UWB ranging principle

UWB technology is a high-rate communication and high-precision positioning technology that uses nanosecond-level non-sinusoidal narrow pulses for data transmission. Its operating frequency band is 3.1 GHZ ~ 4.8 GHZ, ensuring sub-nanometer precise time. The short pulse width of the UWB time domain signal results in enhanced range and locating accuracy due to its increased time and space resolution. In UWB positioning technology, double-side two-way ranging (DS-TWR) principle is a commonly used method to achieve high-precision distance measurement by measuring the round-trip propagation time of signals, as shown in Fig. 1:

Figure 1
figure 1

UWB ranging principle.

In Fig. 1, \(t_{1}\), \(t_{4}\) and \(t_{5}\) are moments recorded by device A. \(t_{2}\), \(t_{3}\) and \(t_{6}\) are moments recorded by device B.\(T_{p1}\) indicates the time the signal traveled from device A to device B. \(T_{p2}\) indicates the time the signal returned from device B to device A. \(T_{p3}\) indicates the time the signal traveled from device A to device B for the second time. Since the time interval between the two signal transmissions is very short, it can be assumed that the distance from device A to device B has not changed, so \(T_{p1}\), \(T_{p2}\) and \(T_{p3}\) are theoretically equal. In the following equations, we use \(\hat{T}_{p}\) instead of the time it takes for the signal to travel from device A to device B.\(T_{R1}\) denotes the interval between device A sending information and device B receiving the response.\(T_{R2}\) denotes the interval between device B sending information and device A receiving response.\(T_{r1}\) denotes the response time for device B to process device A’s information. \(T_{r2}\) denotes the response time for device A to process device B’s information. The following equation can be obtained:

$$ \left\{ {\begin{array}{*{20}c} {T_{R1} = t_{4} - t_{1} } \\ {T_{R2} = t_{6} - t_{3} } \\ {T_{r1} = t_{3} - t_{2} } \\ {T_{r2} = t_{5} - t_{4} } \\ \end{array} } \right. $$
(1)
$$ \hat{T}_{p} = (T_{R1} - T_{r1} )/2 = (T_{R2} - T_{r2} )/2 $$
(2)

The transformation of Eq. (2) yields:

$$ \left\{ {\begin{array}{*{20}c} {T_{R1} = 2\hat{T}_{p} + T_{r1} } \\ {T_{R2} = 2\hat{T}_{p} + T_{r2} } \\ \end{array} } \right. $$
(3)

Then we can get \(T_{R1} *T_{R2} = (2\hat{T}_{p} + T_{r1} )*(2\hat{T}_{p} + T_{r2} ) = 4*\hat{T}_{p}^{2} + 2\hat{T}_{p} T_{r2} + 2\hat{T}_{p} T_{r1} + T_{r1} T_{r2}\).

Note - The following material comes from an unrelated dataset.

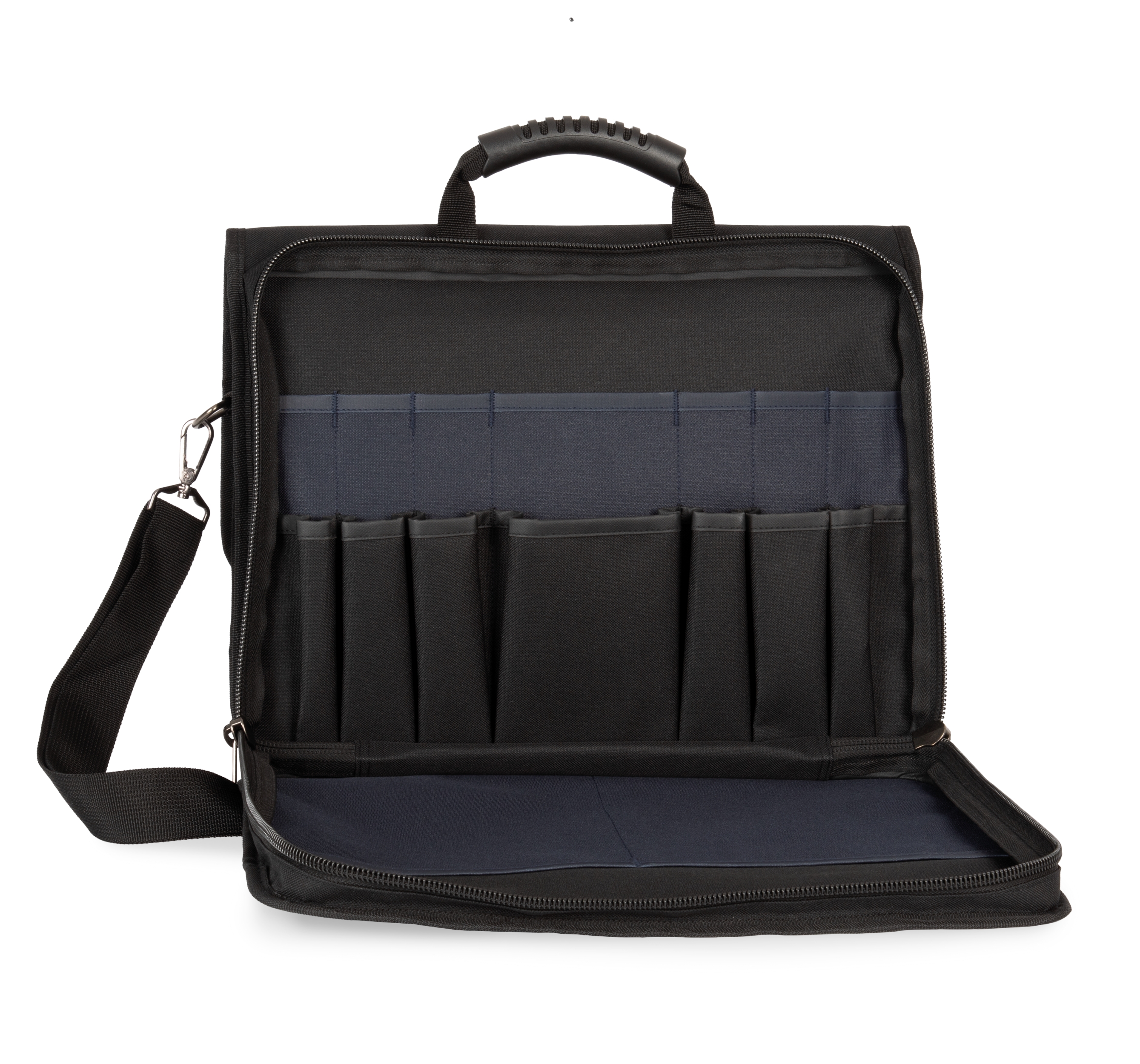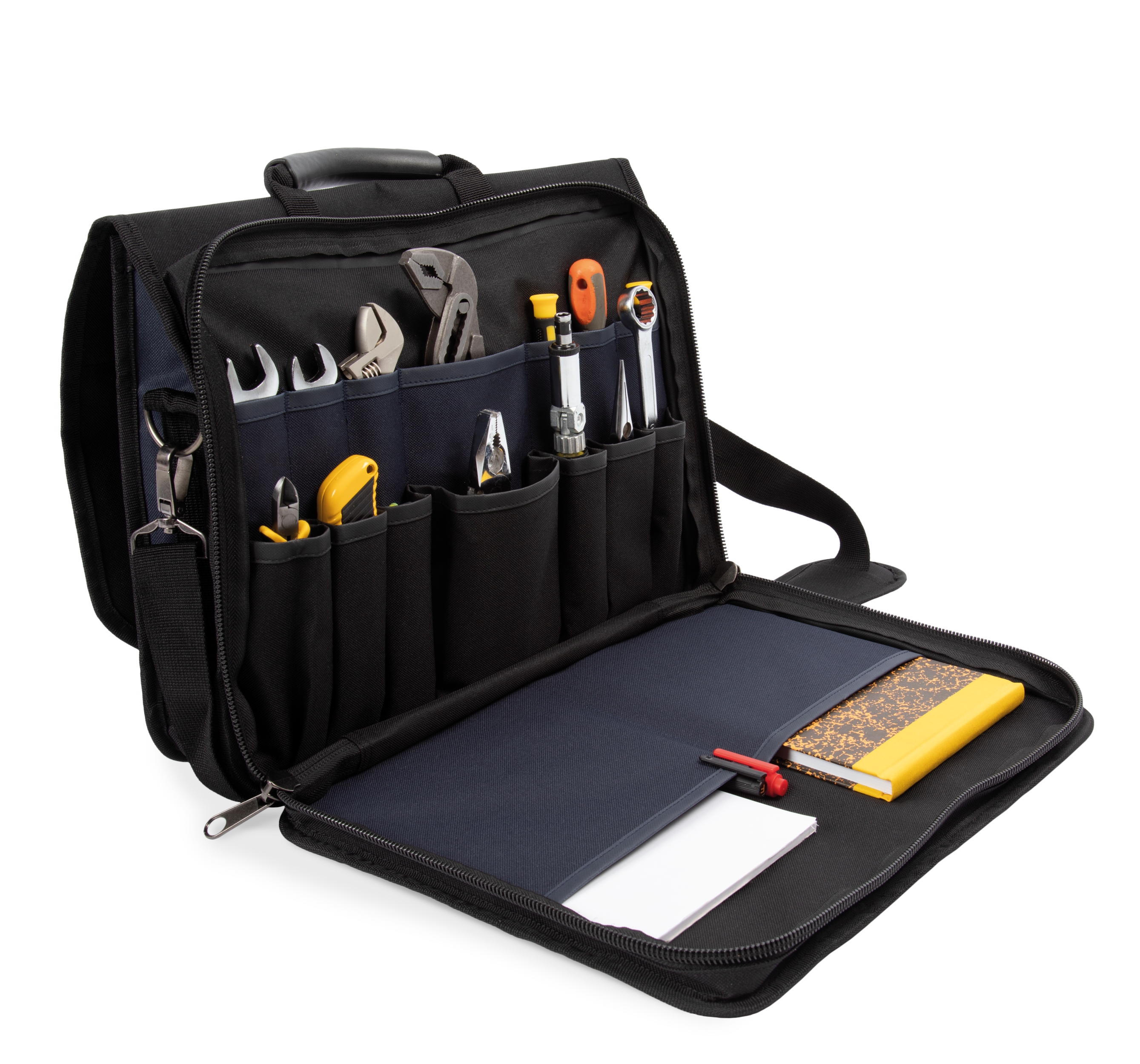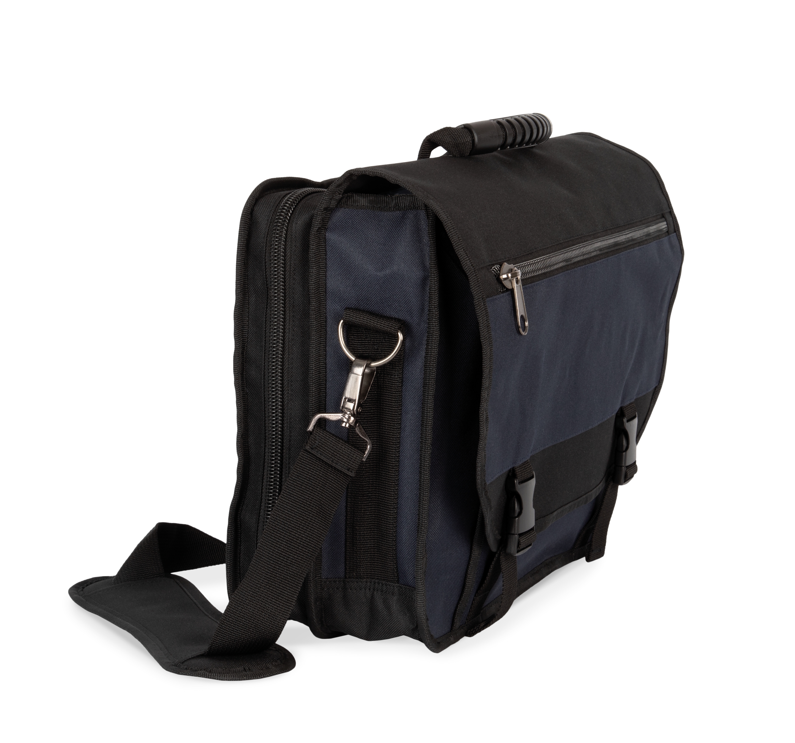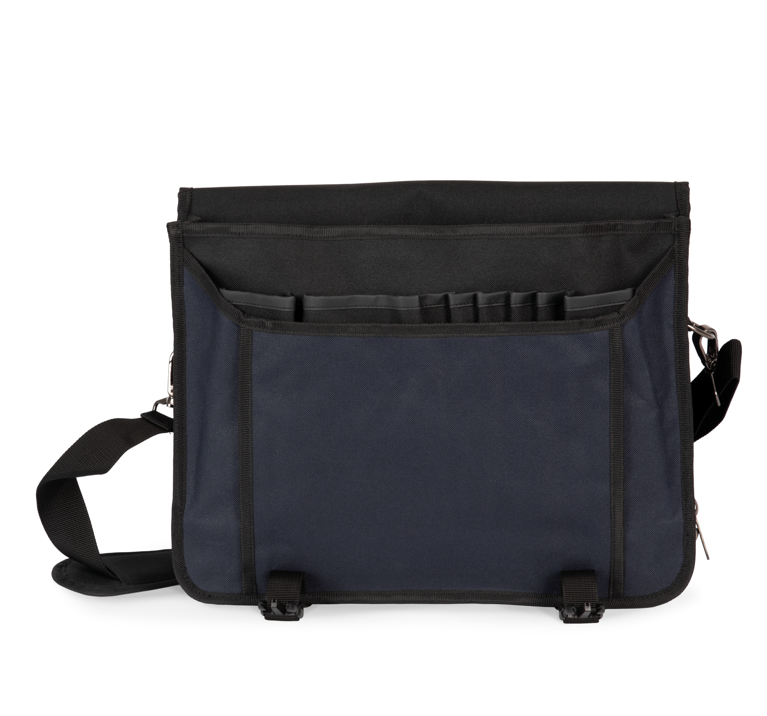 100% polyester. Tas met verstelbare schouderriem. Georganiseerd vak met ruimte voor divers gereedschap. Klep met zak aan de voorkant, voor eenvoudige personalisatie. Groot hoofdvak voor documenten en een laptop tot 15 inch. De tas is verstevigd om het gewicht van een aangepaste inhoud te kunnen dragen.

which then yields \(T_{R1} *T_{R2} - T_{r1} T_{r2} = 4*\hat{T}_{p}^{2} + 2\hat{T}_{p} T_{r2} + 2\hat{T}_{p} T_{r1} = \hat{T}_{p} (4\hat{T}_{p} + 2T_{r1} + 2T_{r2} )\).

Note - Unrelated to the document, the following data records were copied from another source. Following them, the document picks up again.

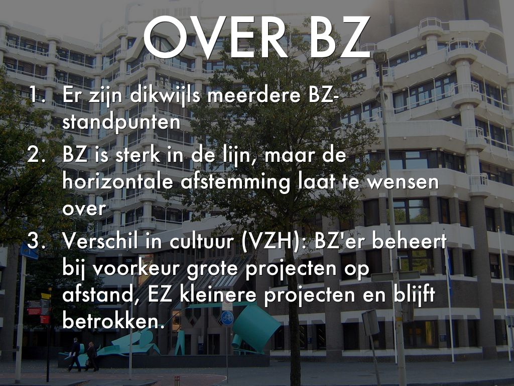 Verschil in cultuur (VZH): BZ'er beheert bij voorkeur grote projecten op afstand, EZ kleinere projecten en blijft betrokken.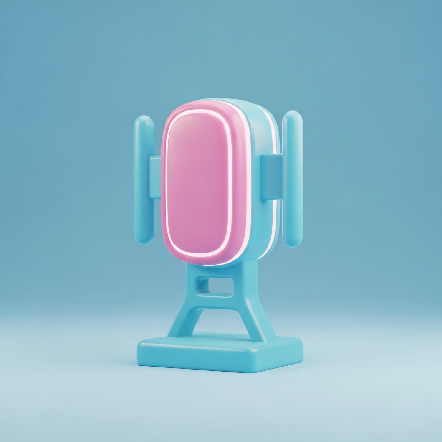 A vibrant 3D-rendered futuristic device with a pink and blue design, glowing accents, and a sleek, modern aesthetic.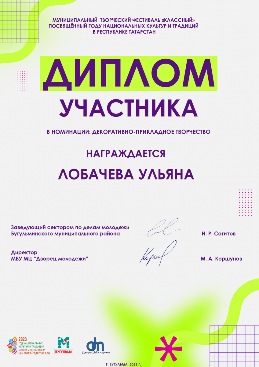53. Муниципальный творческий фестиваль "Классный", посвященный году национальных культур и традиций в Республике Татарстан Диплом участника Лобачёва Ульяна ИЗОбраз.png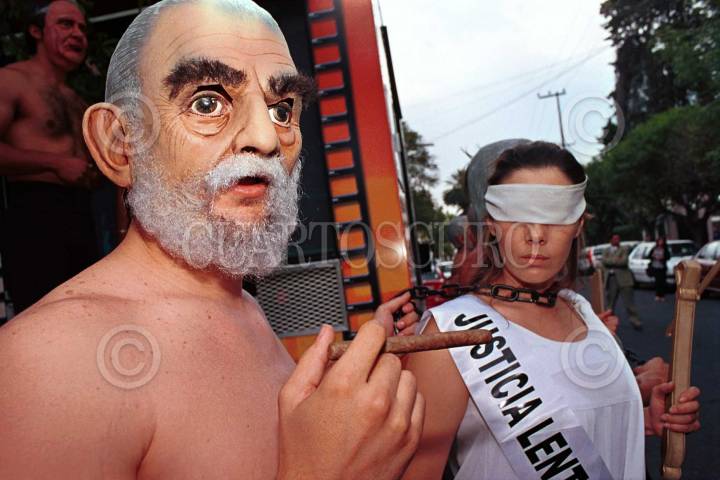 En alusión al bufete de abogados de Diego Fernández de Cevallos, quienes defendieran a CNI en la disputa por las instalaciones del cerro del Chiquihuite, Personal de TVAzteca realizó una sátira frente a las oficinas de Javier Moreno Valle, propietario de CNI. FOTO: Juan Pablo Zamora/CUARTOSCURO.COM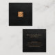 Carte De Visite Carré Cuir noir élégant de luxe monogramme cuivre doré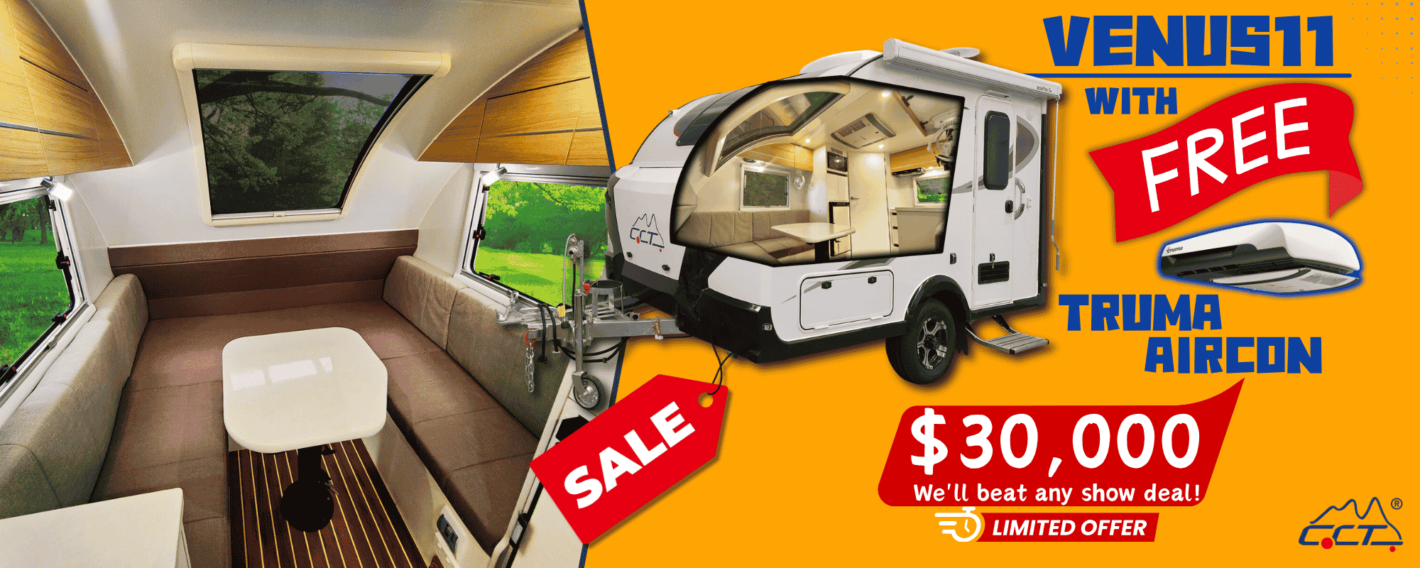 Venus 11 is designed for two adults. This lightweight compact 2-berth caravan features a modern en-suite, equipped with essential amenities. With its indoor induction cooker, sink, range hood, and air conditioning choices, it offers a homely experience on the go. Its compact size allows for easy towing and maneuverability, perfect for both short weekend escapes and extended journeys. Whether you’re a solo traveller or with a companion, the Venus11 Caravan provides all you need for a comfortable and hassle-free holiday caravan trip.

According to (2) \(4\hat{T}_{p} = T_{R1} - T_{r1} + T_{R2} - T_{r2}\) can be brought into the above equation to get:

$$ T_{R1} *T_{R2} - T_{r1} T_{r2} = \hat{T}_{p} (T_{R1} + T_{R2} + T_{r1} + T_{r2} ) $$
(4)
$$ \hat{T}_{{\text{p}}} = \frac{{(T_{R1} \times T_{R2} - T_{r1} \times T_{r2} )}}{{(T_{R1} + T_{R2} + T_{r1} + T_{r2} )}} $$
(5)

The distance from device A to device B is:

$$ D_{AB} = c*\hat{T}_{p} $$
(6)

where \(c\) denotes the speed of light.

The formula of DS-TWR ranging error calculation is:

$$ error = \hat{T}_{p} \times (1 - \frac{{k_{a} + k_{b} }}{2}) $$
(7)

where \(k_{a}\) and \(k_{b}\) denote the frequencies of device A and device B, respectively.

UWB ranging has many advantages, such as centimeter-level high accuracy, high resolution, anti-interference, applicability indoors and outdoors, and low power consumption.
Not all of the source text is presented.